Bioinformatic analysis
EST processing
Sequencher (Gene Codes, Ann Arbor, Michigan, USA), Aligner (CodonCode, Dedham, MA, USA), and CAP (source) were utilized for sequence cleansing and assembly. Low quality sequences and vector sequences were be quickly removed from each EST clone by using these applications. The cleaned EST sequences were used to find overlap assembly of contiguous sequences. Phred [8] was used to perform base-calling. Phred read DNA trace data, called bases, assigned quality values to the bases, and wrote the base calls and quality values to output sequence files. Quality values for the bases were later used by the sequence assembly program, Phrap [8], to increase the accuracy of assembled sequences. We employed CodonCode Aligner (http://www.codoncode.com/aligner/) to remove low quality bases at both ends by setting quality score QV ≥ 20 (or Pe ≤ 0.01). Vector and adaptor sequences were also trimmed because they can lead to incorrect assembly. We also used an in house implementation of VecScreen [11] to detect any partial vector contamination in our ESTs. Cap3 [12] was used to identify overlaps between sequences and assemble sequence fragments into a larger sequence [12]. Samples that can be joined together were assembled into contiguous sequences “contigs”. Four criteria were used to determine whether to accept or reject an alignment and overlap: (1) minimum percent identity ≥ 70%; (2) minimum overlap length ≥ 25 bps, (3) minimum alignment score; similar to previous but takes any mismatches into account, ≥ 20 bps; and (4) maximum gap size ≤ 15 bps. After assembly with Cap3, contigs with more than three ESTs were examined in Consed [13] to eliminate additional missassemblies not resolved by Cap3.

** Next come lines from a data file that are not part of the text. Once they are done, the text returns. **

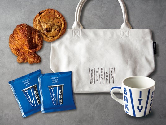 今春発売予定の新色「THE CITY BAKERYロゴデザインマグカップ」が入った「オープン記念セット」。普段使いも便利な人気のトートバッグに「プレッツェルクロワッサン」やクッキーなどTHE CITY BAKERYの魅力をお楽しみいただける商品が詰まったお得なセットが、オープンより2日間、各日数量限定で販売を行います。
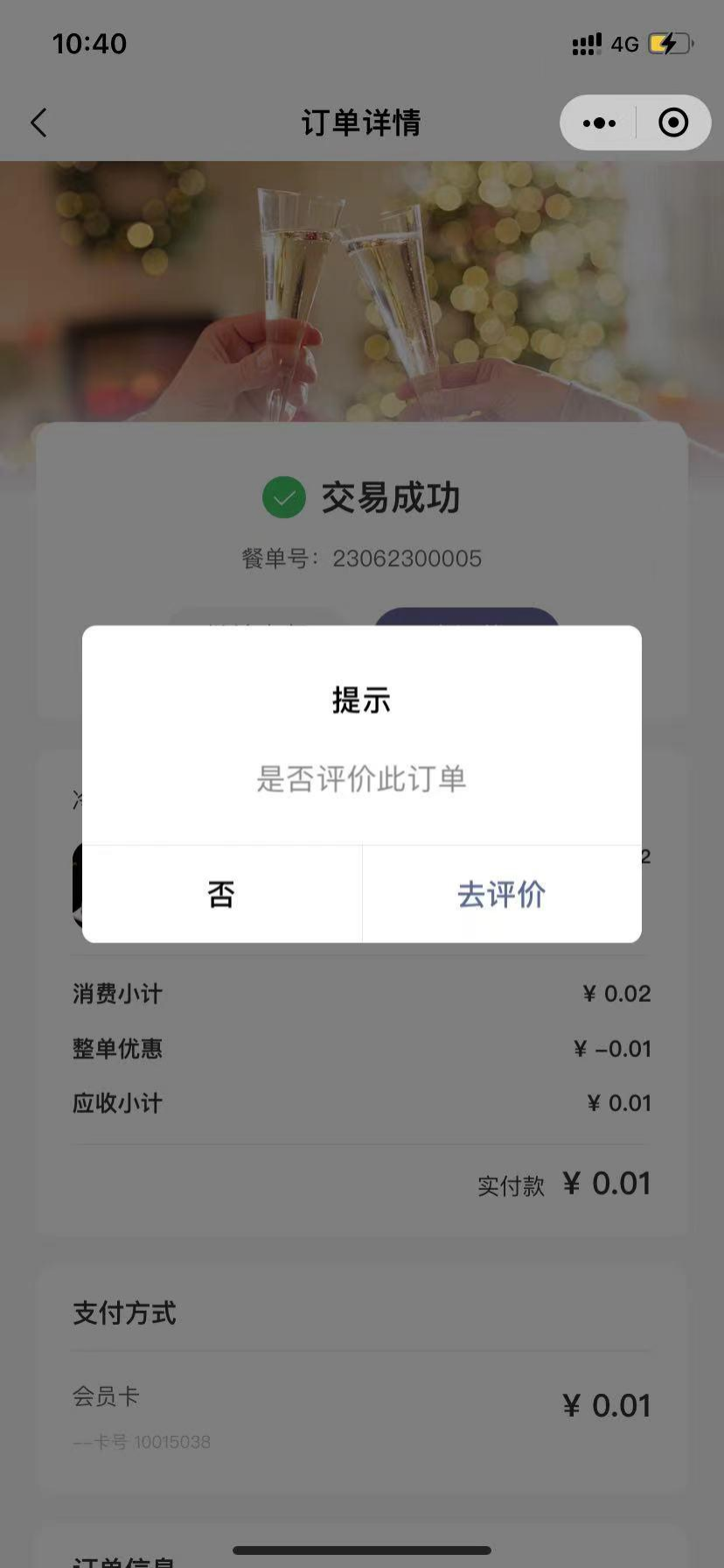餐单结账完成后,弹出是否评价提示(如图 2.1.11.1-1 所示)。
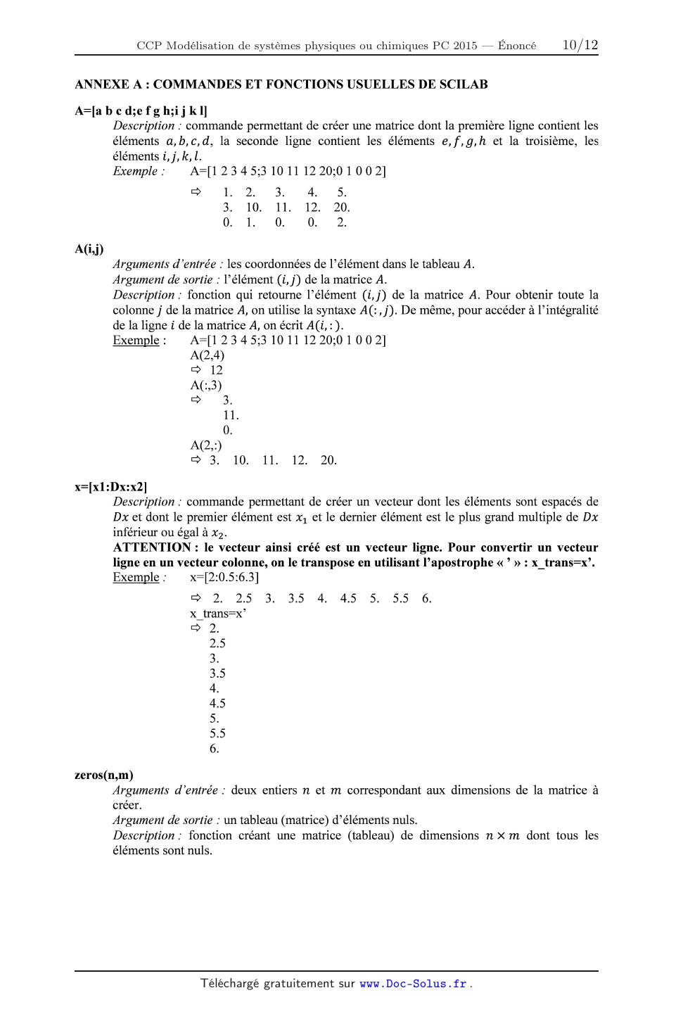 Plusieurs fonctions du langage Scilab sont rappelées en annexe A. Les candidats
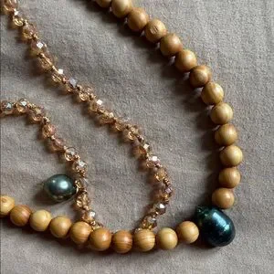 Elegant Wooden and Beaded Necklace with Tahitian pearls
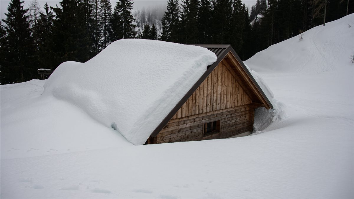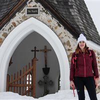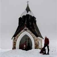 Purtroppo, a pochi metri di dislivello dalla meta, la nebbia inghiotte il paesaggio. Il cielo è tutt'uno con la neve e malapena scorgiamo Malga Rauna, sepolta dal manto bianco. Ancora pochi metri e Cappella Zita ci appare in tutta la sua delicata bellezza.
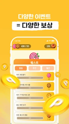 코퀴즈의 매력은 끝없는 보상 체계에서도 빛을 발합니다. 매일 꾸준히 출석하고 다양한 퀘스트를 완수하며 쌓이는 보상의 기쁨을 즉시 경험하세요. 힘들게 모은 보상을 기다릴 필요 없이, 받는 그 순간 바로 사용할 수 있습니다. 비트코인이나 이더리움 같은 암호화폐로 교환하거나, 맛있는 치킨과 피자 등 원하는 상품으로 교환하여 당신의 노력이 곧 현실적인 혜택으로 돌아오는 것을 직접 확인해 보세요.
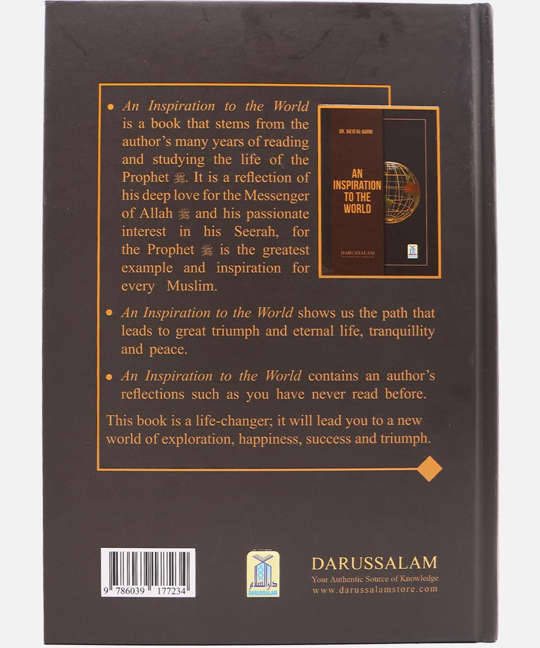 An Inspiration to the World is not a repetition of what has already been written about the Seerah, or an imitation of those who have written on this topic before me. It is not a collection of quotations or a list of reports. Rather it is based on reflection and contemplation of those reports, aimed at presenting the spirit of the Seerah and connecting it to people's everyday lives, by diving deep into its ocean, trying to discover its secrets, show its lights, highlight its objectives, display its uniqueness and discuss its benefits.
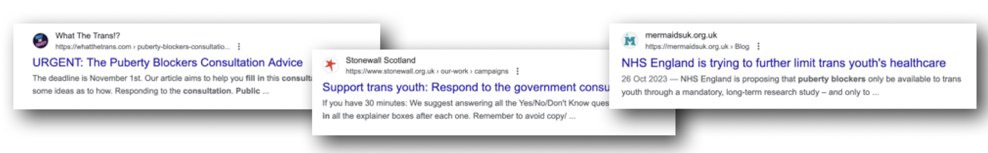Parents may have spoken to Mermaids, or Gendered Intelligence, or Allsorts, or other groups who make no secret of their support for puberty blockers.
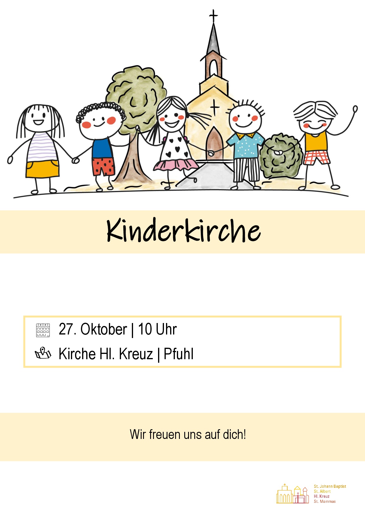 Kinderkirche in Pfuhl Wann So.. 27.10.2024 10:00 – 11:00 Zum Kalender hinzufügen ICS herunterladen Google Kalender iCalendar Office 365 Outlook Live Wo Hl. Kreuz Platzgasse 14, Neu-Ulm/Pfuhl, 89233

EST comparative analysis and functional assignment
We performed comparative analysis using NCBI blastx [14] with the unique sequences (including assembled contigs and singletons). A local implementation of BLAST server was used to search against the NCBI’s non-redundant peptide sequence database. We set up a cut off value and discarded hits with an E-value < 10-5. To assign putative functions to the unique sequences, we employed blast2go [15], [16], GOTM [17], GOfetcher [6] and GOstat [18] to extract the GO hierarchical terms of their homologous genes from the protein databases. Meanwhile, we also mapped the unique sequences to metabolic pathways in accordance with the KEGG [19]. Enzyme commission (EC) numbers [20] were obtained and used to putatively map unique sequences to specific biochemical pathways.